Stambaughv.Stambaugh

Appellate Division of the Supreme Court of New York, Second DepartmentApr 1, 1996
226 A.D.2d 363 (N.Y. App. Div. 1996)
226 A.D.2d 363640 N.Y.S.2d 246

April 1, 1996

Appeal from the Supreme Court, Dutchess County (Beisner, J.).


Ordered that the order is affirmed, with costs.

After the court awarded custody of the parties' son to the mother and custody of the daughter to the father, the father moved to modify that award, contending that the son had expressed a desire to live with him. In an in-camera interview at the recently completed trial, the son had expressed the opposite desire.

The father's motion, whether denominated a motion to renew or a motion to modify pursuant to CPLR 5015 (a) or 4404, was properly denied.
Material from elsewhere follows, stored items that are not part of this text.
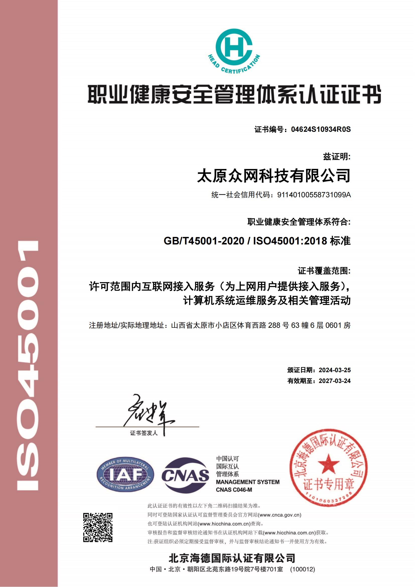 ISO45001-职业健康安全管理体系认证证书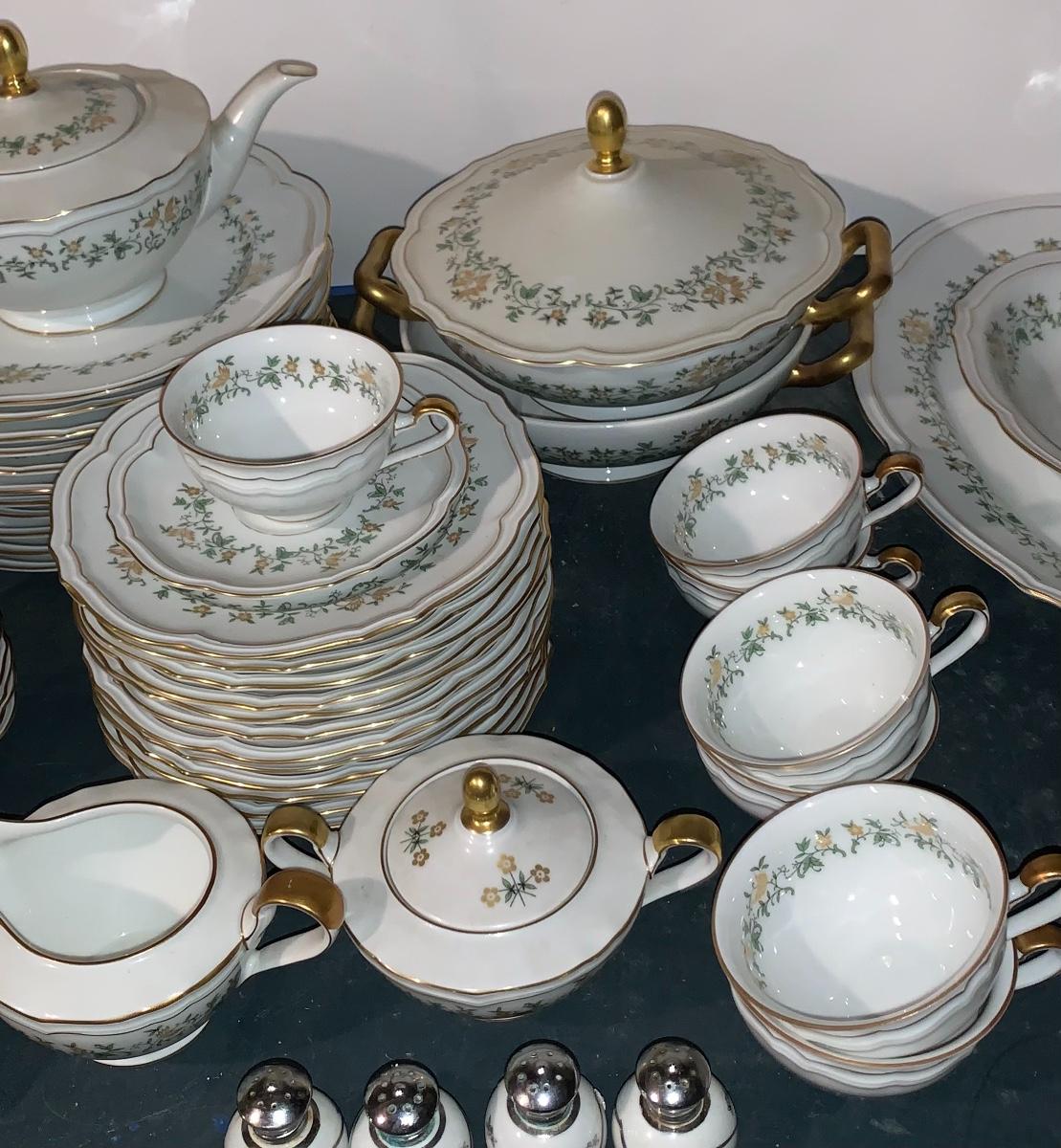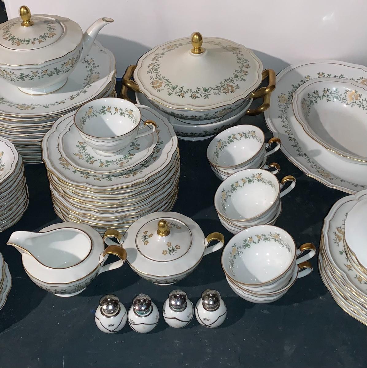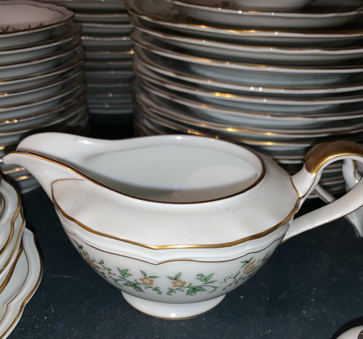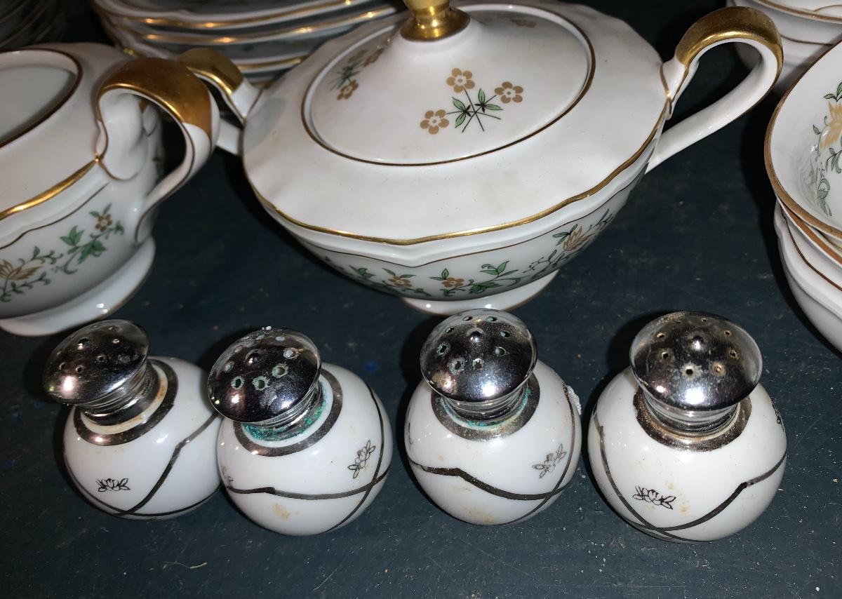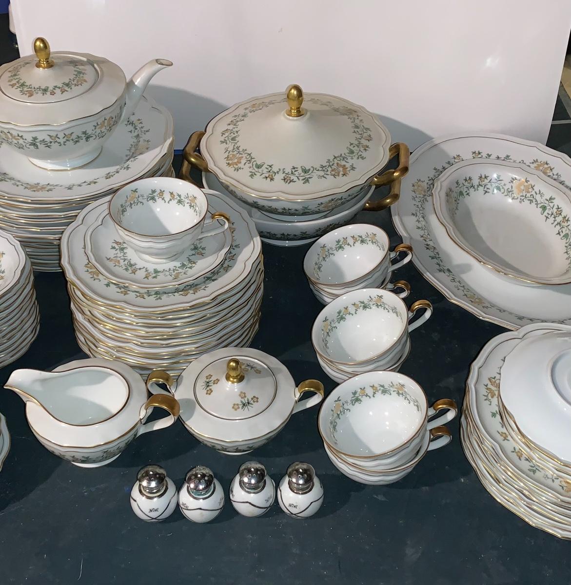 Beautiful large set of Baronet Bavaria-Germany China, 11 dinner plates,12 salad,12 small bowls, 7 tea cups, 12 saucers., 6 soup bowls, sugar & creamer, 2 sets of salt & pepper, teapot, along with serving pieces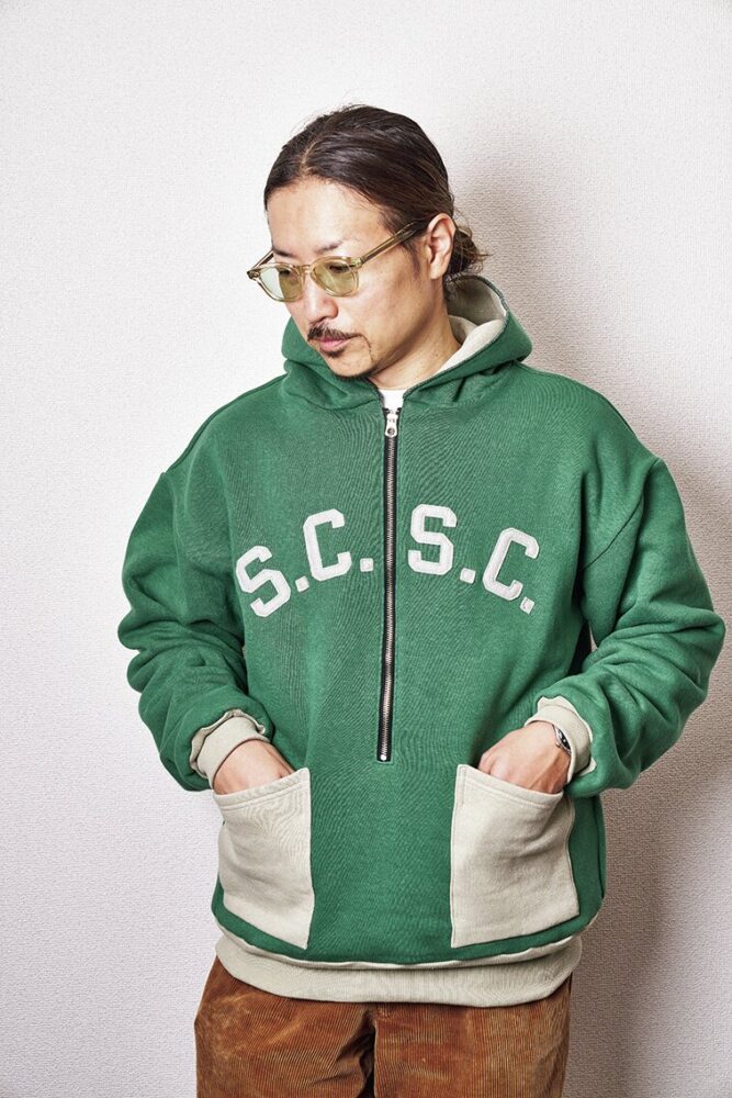 ジーンズやデニムジャケットのような工業製品と違い、個人やチーム単位でオーダーしていたスウェットは生産数が段違いに少なく、残存数も極僅か。コットン素材は当然ですが、2トーン、フェルトのレタリング、後付けフードなど「役」が付けば付くほど珍重されます。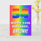 The front of this vibrant and cheerful birthday themed greeting card design features a large number “54” having a rainbow spectrum inspired gradient pattern. It also features the message “HAPPY 54th BIRTHDAY,”, and an editable name. The background of the front also has a fun multicolored rainbow spectrum gradient pattern. The inside has a custom birthday greeting message, or could perhaps be cleared and left blank if a message is to be written by hand instead. An upbeat, customisable birthday greeting card like this might be a fun way to deliver a birthday greeting message to somebody who is celebrating their fifty-fourth birthday. [~Z0000570]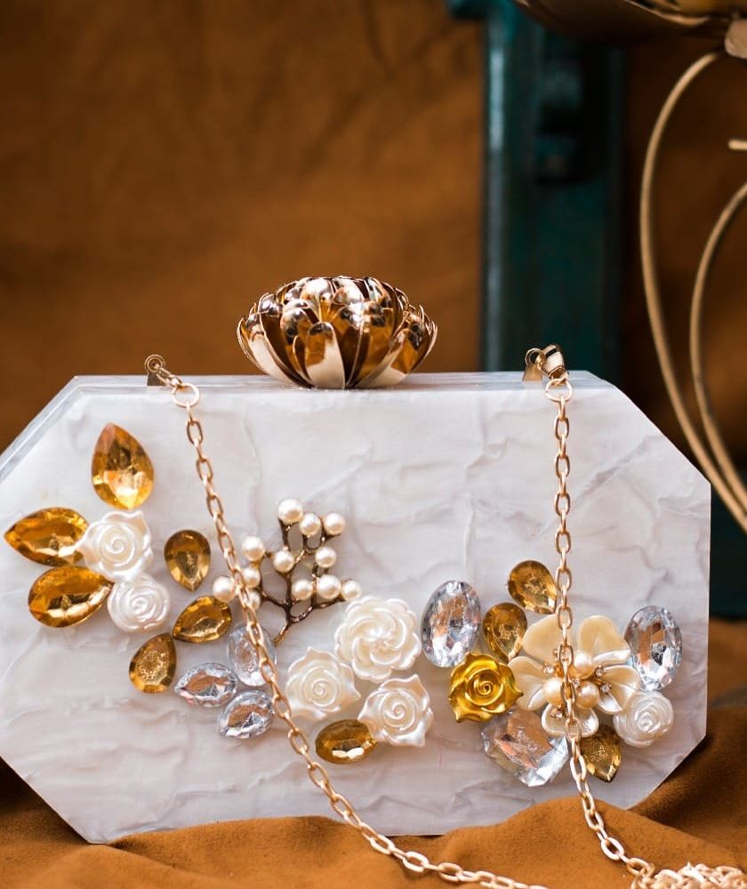 Add the finishing touch to your ensemble with my collection of luxurious acrylic clutches. Adorned with rhinestones and intricate details, these clutches are designed to bring a touch of glamour to any occasion.

The motion was not one for renewal as the father failed to present any additional material facts which existed at the time the prior order was rendered, but were not then known to the father and therefore not made known to the court ( see, Foley v Roche, 68 A.D.2d 558; Matter of Jenna R., 207 A.D.2d 403). Furthermore, even if we were to construe the plaintiff's motion as a motion pursuant to CPLR 4404 (b) or 5015 (a), the court properly denied the motion since the evidence proffered by the husband in support of the motion was not newly discovered ( see, Grossbaum v. Dil-Hill Realty Corp., 58 A.D.2d 593). Balletta, J.P., Sullivan, Joy and Krausman, JJ., concur.